O lado fetal é liso e estabelece associação com a membrana amniótica, já o lado materno é dividido em lobos. Sabendo que o componente materno é representado pela decídua, é possível estabelecer três regiões de decídua:

  1. Decídua basal: É o componente materno da placenta. Os vilos coriônicos voltados para a decídua basal serão responsáveis por formar o córion frondoso
  2. Decídua capsular: É a camada superficial. Recobre o embrião em desenvolvimento.
  3. Decídua parietal: Restante da decídua que corresponde à camada uterina não ocupada pelo feto.

O espaço interviloso, entre os componentes materno e fetal, contém sangue materno circulante.

O vilo coriônico é a estrutura básica envolvida nas trocas materno-fetais. Cada vilo é formado por um eixo de tecido conjuntivo mesenquimal e vasos sanguíneos fetais, ou seja, arteríolas e capilares.

O eixo mesenquimal possui dois tipos celulares principais:

  1. Células mesenquimais: São células que vão se diferenciar em fibroblastos que, por sua vez, estão envolvidos na síntese de vários tipos de colágenos e componentes da matriz extracelular
  2. Células de Holfbauer: São células fagocíticas que predominam no início da gravidez.

Além disso, o eixo mesenquimal é coberto pelo sinciciotrofoblasto, que é uma massa protoplasmática multinucleada que está em contato com o sangue materno no espaço interviloso e por células do citotrofoblasto, que são subjacentes ao sinciciotrofoblasto.

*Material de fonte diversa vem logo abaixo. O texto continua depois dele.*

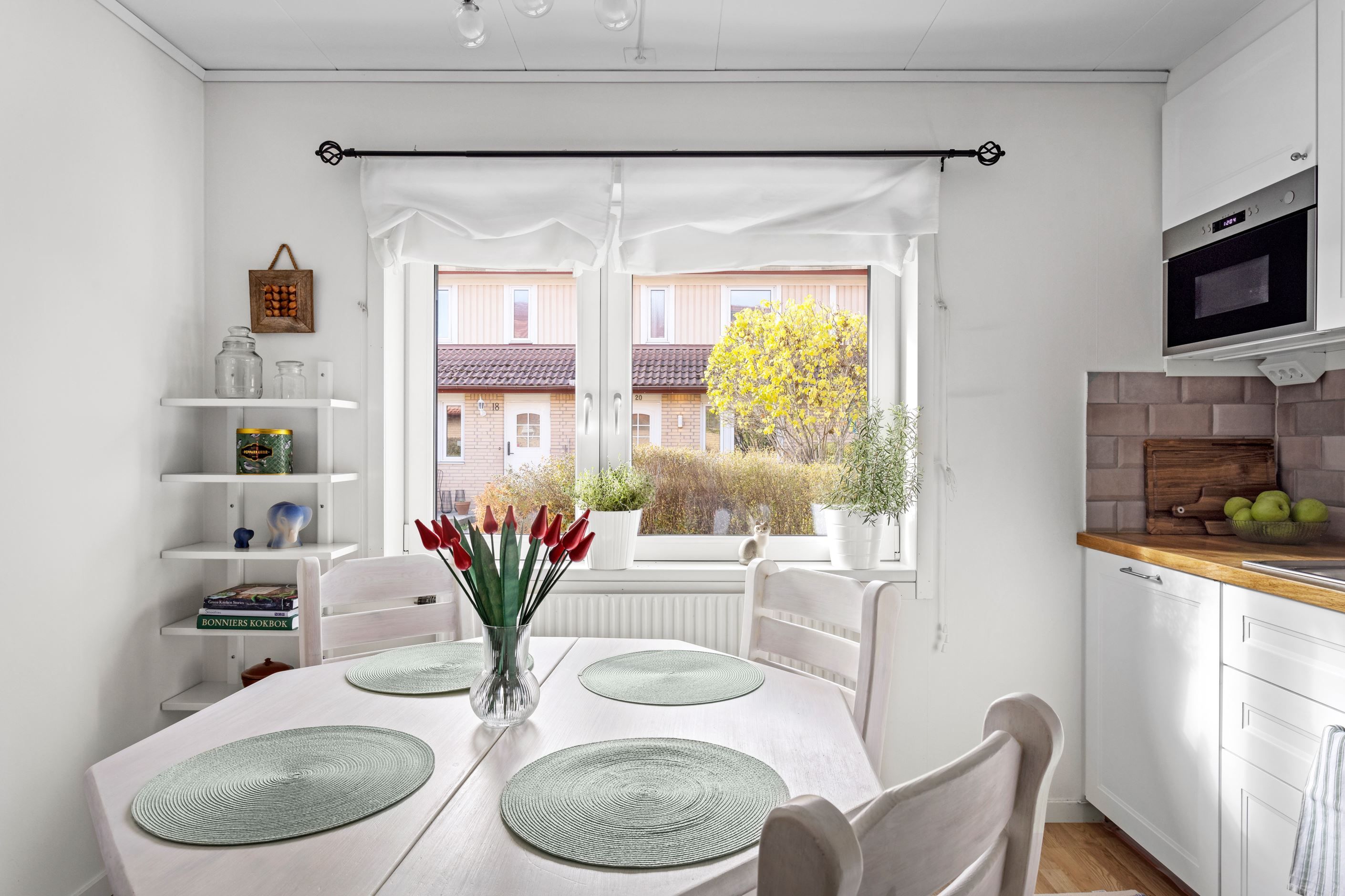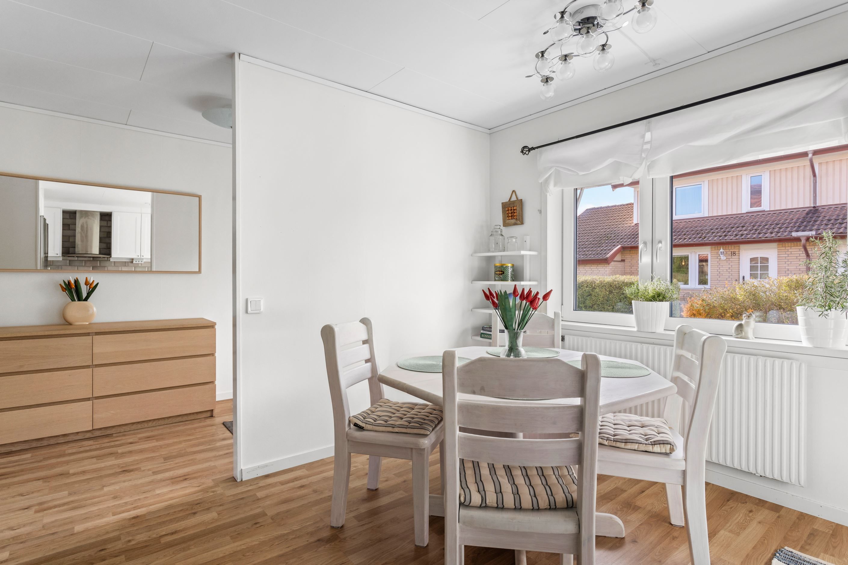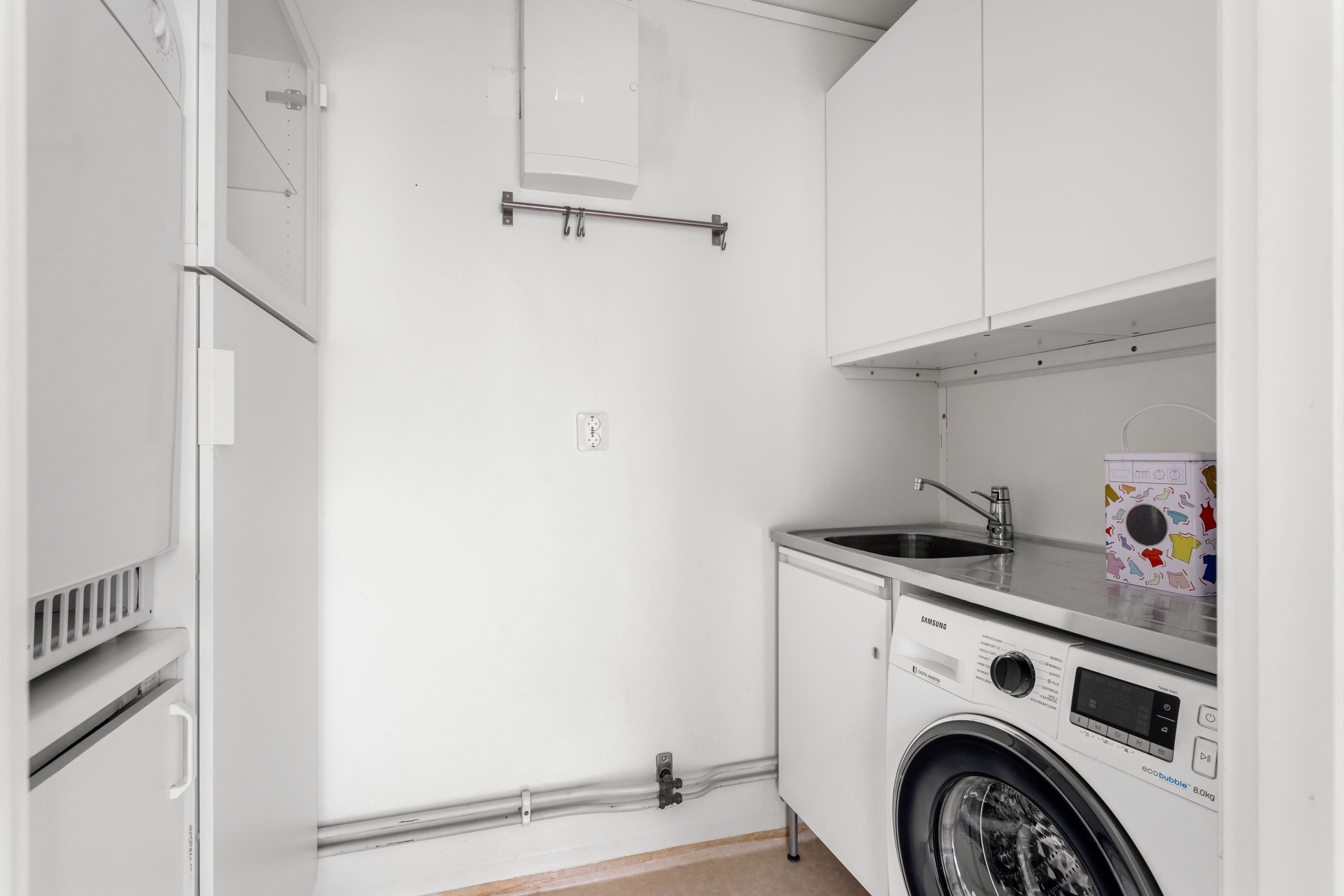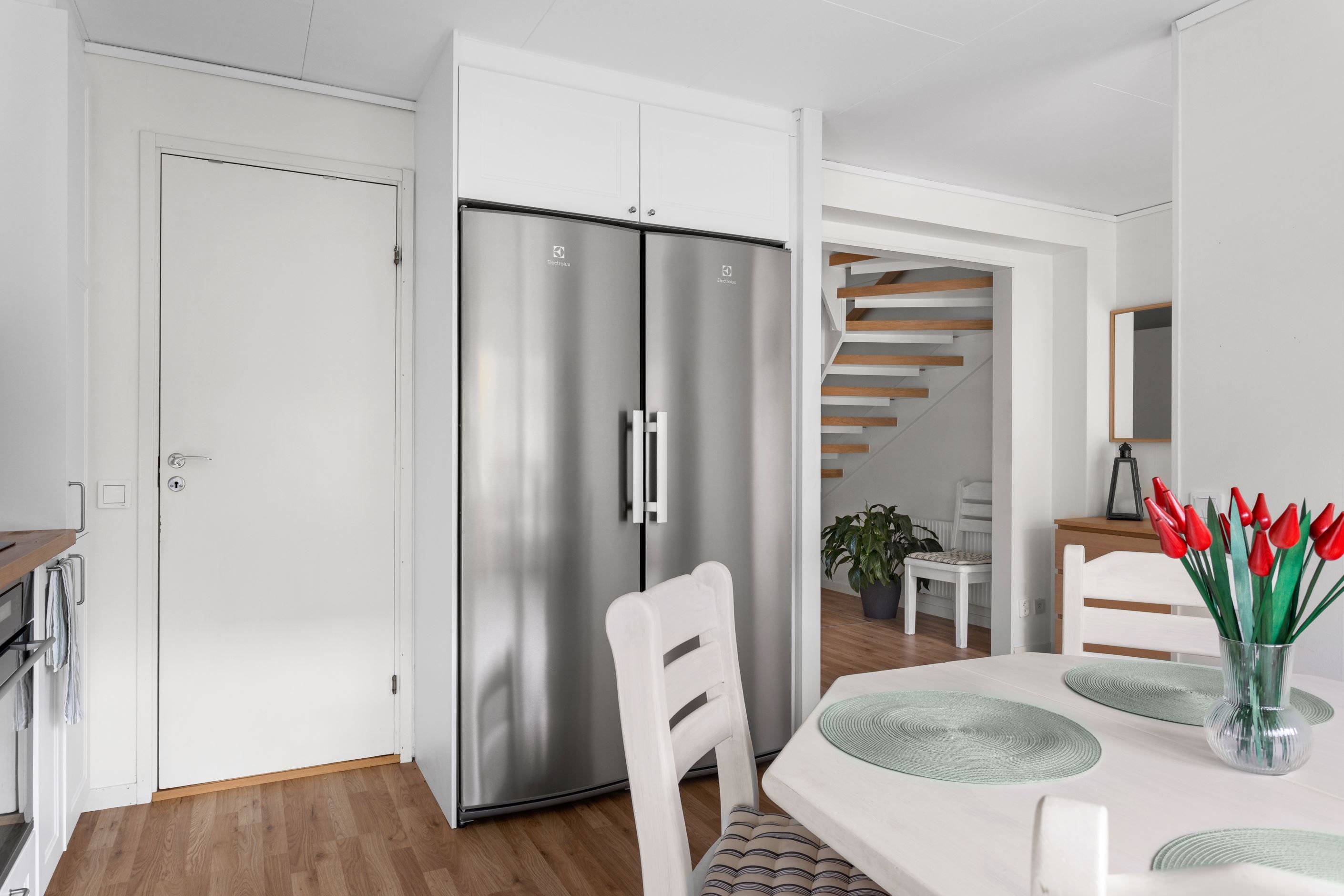 När ni tar första steget in genom entrédörren blir ni genast omfamnad av den inbjudande hallen som vägleder er in till samtliga rum på entréplan. I hallen finns det gott om förvaring och avhängning möjligheter. I anslutning till hallen finner ni hemmets nav, nämligen köket. Här finner ni ett stilrent och modernt kök med matplats för ca 4-6 personer. Köket blir den perfekta platsen att utvidga era kulinariska mat kunskaper framför vänner och bekanta. Intill köket finner ni en egen tvättstuga med tvättpelare som underlättar vardagens bestyr. Vidare på entréplan nås den ljusa och härliga vardagsrummet som inbjuder till sociala tillställningar med familj och vänner.
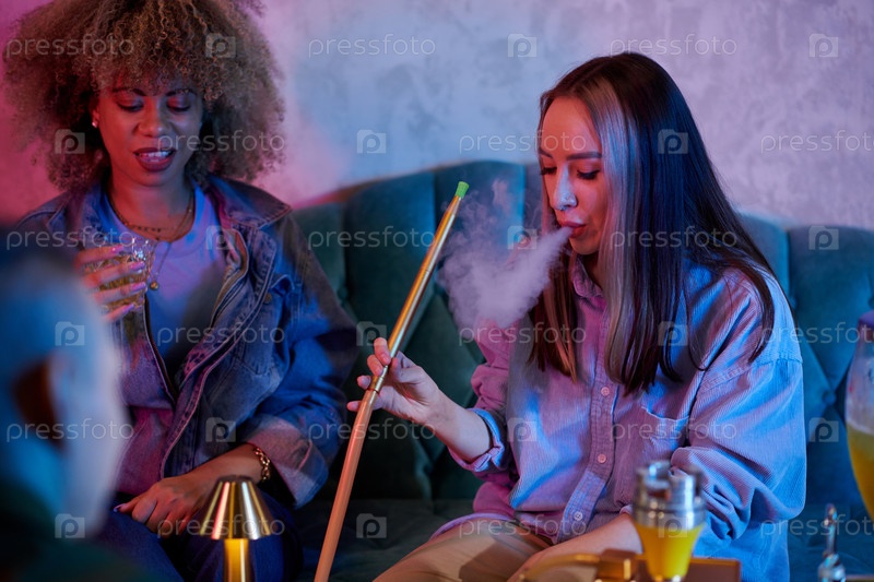 Женщина, курящая кальян на вечеринке

As células citotrofoblásticas se dividem por mitose e se diferenciam no sinciciotrofoblasto que, por sua vez, não apresenta mitose. Além disso, as células do citotrofoblasto são unidas umas às outras bem como ao sinciciotrofoblasto por desmossomos. Tanto o citotrofoblasto quanto o sinciciotrofoblasto participam da formação da barreira placentária responsável por separar os vasos fetais do sangue materno no espaço interviloso.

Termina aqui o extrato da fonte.